Using ChatGPT can save a few minutes. Building a workflow can save hours. For Vancouver small businesses, the difference is operational, not technical.

By Keith Donoghue | Vancouver City News | May 22, 2026
Editor: 
Karalee Greer
Subscription to Vancouver News and being a Contributor is Free.

A tool saves a few minutes. A workflow saves hours. For Vancouver owners, that difference matters because the real time loss usually sits around the task, not inside it.

What The Tool Is Doing

A South Granville restaurant owner pulls up ChatGPT to draft an email to a supplier. The draft is good. He copies it into Outlook. He sends it. He notes the date in a spreadsheet. He sets a reminder to follow up in three days.

The email took thirty seconds. Everything around it took fifteen minutes.

ChatGPT, Claude, and Gemini are useful for generating output. A draft email. A document summary. A first pass at a quote.

That is one step in a workflow. It is not the workflow itself.

Owners who say “I will just use ChatGPT” are usually describing a single task, not a system. The minutes saved on the draft are real. They are also small.

What A Workflow Is Doing

A workflow connects the steps.

The supplier email gets drafted. It gets sent. The send gets logged. The follow-up gets scheduled. The reply gets routed back to the right place.

Once set up, the owner only approves where approval is needed. The system handles the rest.

That is the difference between saving five minutes and saving five hours.

Where Food Operators Lose The Hours

A typical Vancouver food operator already uses tools. ChatGPT for drafts. Spreadsheets for supplier comparison. Email for orders.

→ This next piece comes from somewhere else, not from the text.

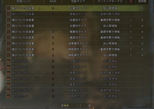 属性ライト用アーティアが欲しいのに復元ボーナスが装填x2+会心x3が結構出るのに装填x2+攻撃x3が全然出ねぇ・・・

Each task may be faster than it was a few years ago. The issue is that none of it is connected.

The opportunity is not adding more tools. It is linking the ones already in place.

The benefit is not only in the model. The benefit is in the connection between models, apps, and data.

Why It Matters

This is not just about ChatGPT — it reflects a broader shift in how Vancouver small businesses need to think about automation.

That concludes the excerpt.